75,000: The economy added 75,000 jobs in May.

3.6%: The unemployment remained at 3.6%.

3.1%: Wages increased at a rate of 3.1% over the last year.

The Good

The 75,000 new jobs added to the economy continued the longest job expansion in U.S. history.  The unemployment rate remained at 3.6%, close to a historic low. The year-over-year earnings increase was a solid 3.1%. The annual wage increase one year ago was just 2.7%.

The broadest measure of unemployment—which includes those too discouraged to look for work, plus Americans stuck in part-time jobs but who want to work full-time—fell to 7.1% in May from 7.3% in April. This rate, known as the U-6, has descended since peaking at 8.1% at the start of 2019. While hiring appears to be slowing down, the nation still enjoys an economic environment characterized by low unemployment and rising wages. The most recent report on the number of those applying for unemployment benefits showed that new jobless claims are close to a post-recession low.

The Bad

The addition of just 75,000 jobs in May was coupled with revised employment data for April and March which showed a decrease of 75,000 in the numbers previously reported. The fall off in hiring in May is part of a larger trend which indicates that labor market growth is slowing down since last year. In the first five months of 2019, the economy added an average of 164,000 jobs, down from an average gain of 223,000 for all of 2018. The share of Americans working or looking for a job was unchanged, remaining at 62.8%.

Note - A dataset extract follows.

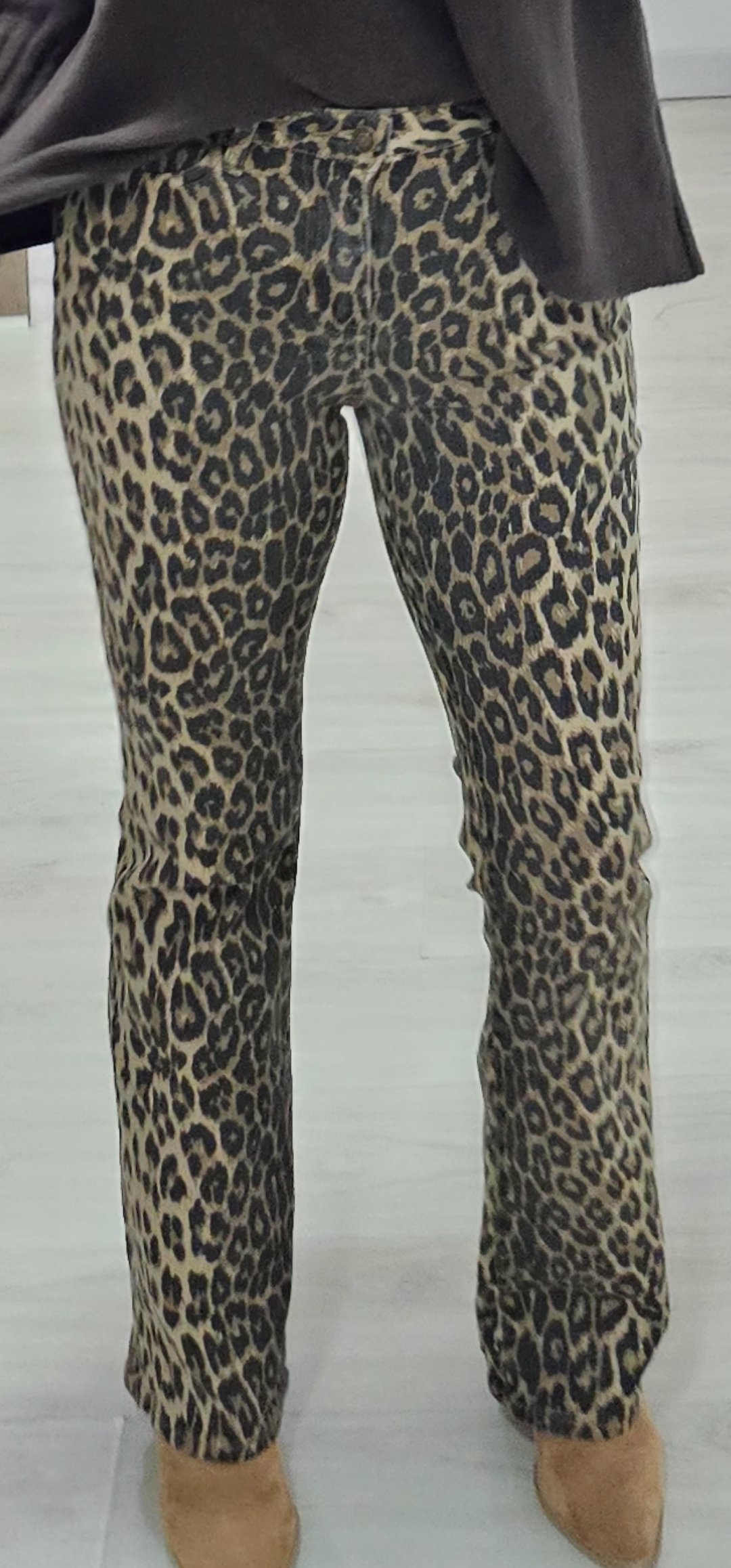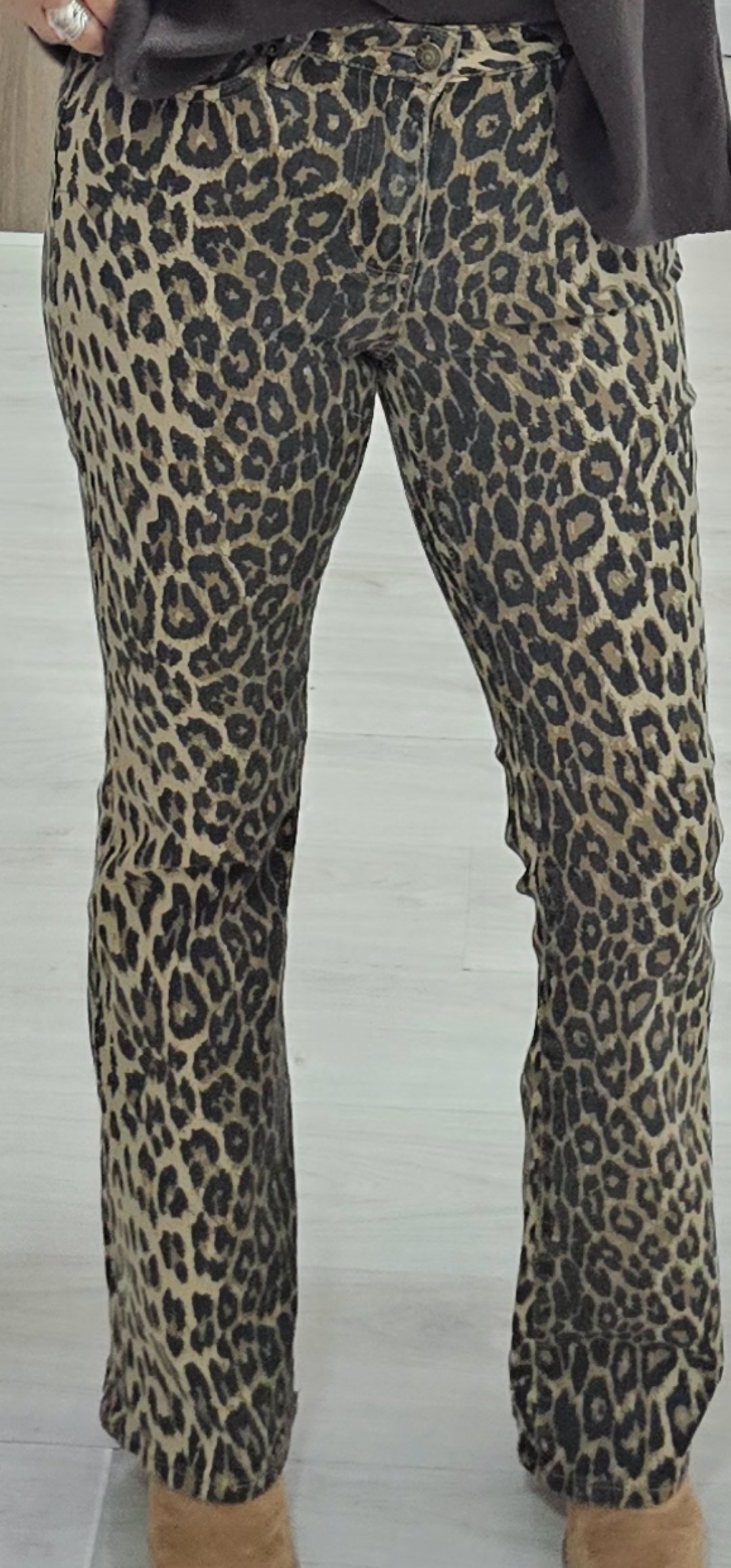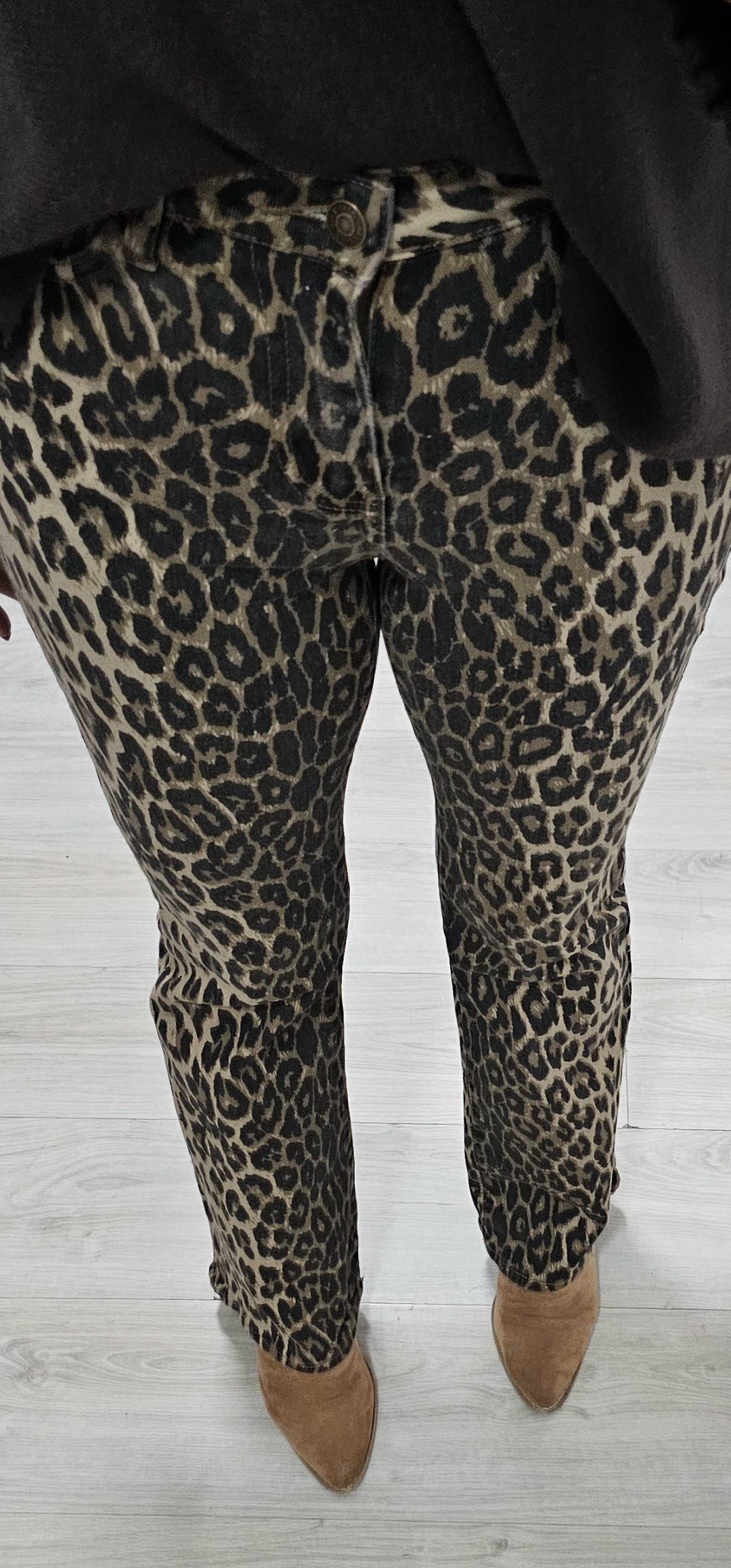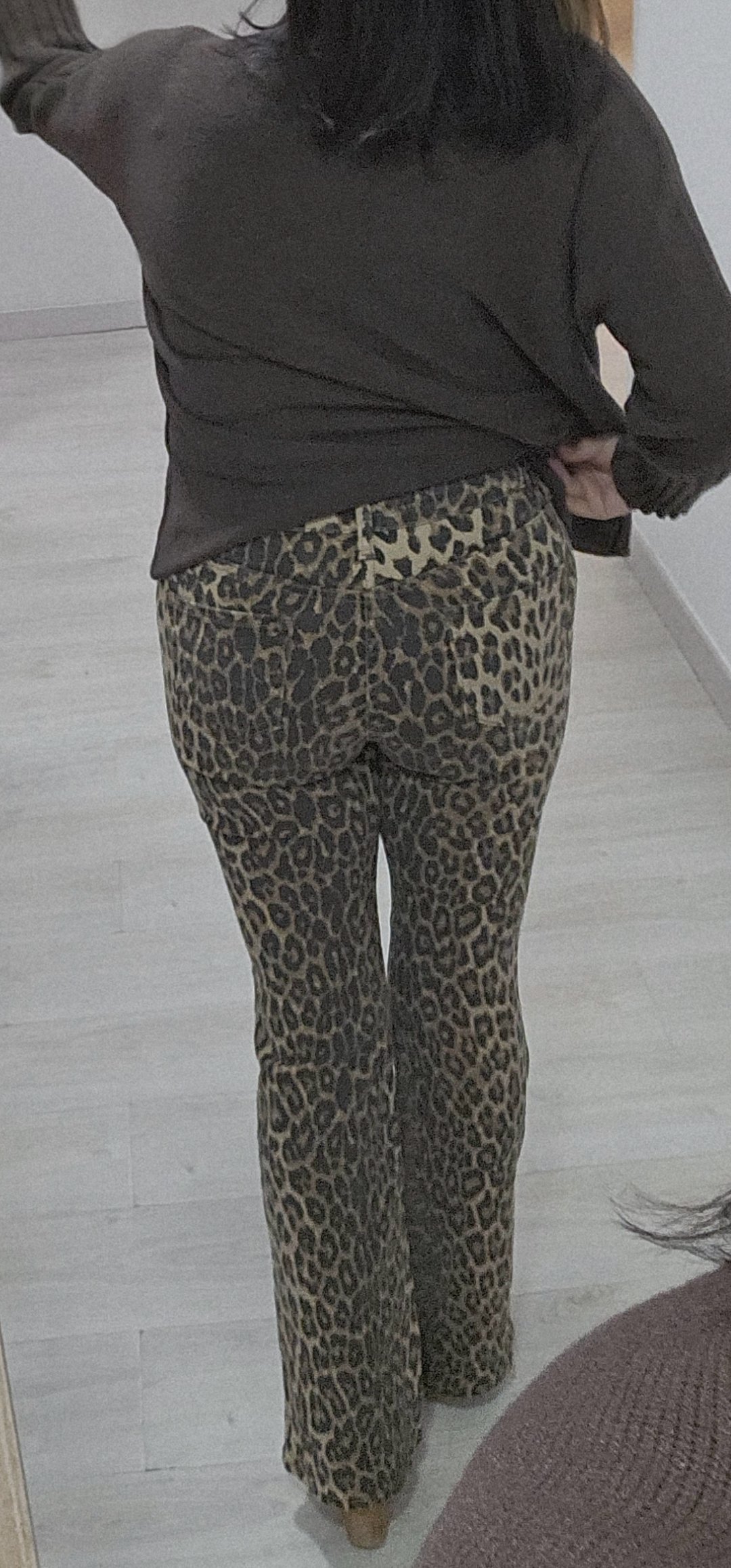 Monisimo pantalón vaquero acampanado en estampado animal prints con un corte súper bonito talle medio alto cierre de botón y cremallera,lleva elástan.

Manufacturers added only 3,000 workers to their payrolls, continuing a streak of weak hiring numbers for this sector. The retail sector, which is challenged by the rise of e-commerce, lost jobs for the fourth month in a row. The retail sector has lost 50,000 jobs since January. The proportion of prime working-age adults, those 25 to 54, who are working rose sharply in 2018. This proportion appears to be leveling off or even decreasing. It was 79.9% in February and 79.7% in May. 

Some analysts point to tensions and uncertainty over trade as a possible cause of disappointing jobs report:

“It definitely looks like we’ve downshifted in the pace of job growth,” said Michael Feroli, chief U.S. economist for JPMorgan Chase & Co. “Overall it’s a disheartening report particularly since you may have some trade effects there, but a lot of the trade tensions escalated” since the reference period for the Labor Department’s surveys in the middle of the month.”

The Unknown

With possible tariffs on Mexican goods and continuing trade tension with China, many U.S. businesses are compelled to make hiring decisions without much certainty over future costs, both in the near and long term. In part fueled by trade conditions, there appears to be increasing pessimism over the potential for economic growth for the remainder of the year:

“Over all, the economy is on a fragile footing,” said Lindsey Piegza, chief economist at the investment bank Stifel. “We’re still talking about solid growth at the start of the year but that’s in the rearview mirror. The name of the game is uncertainty.”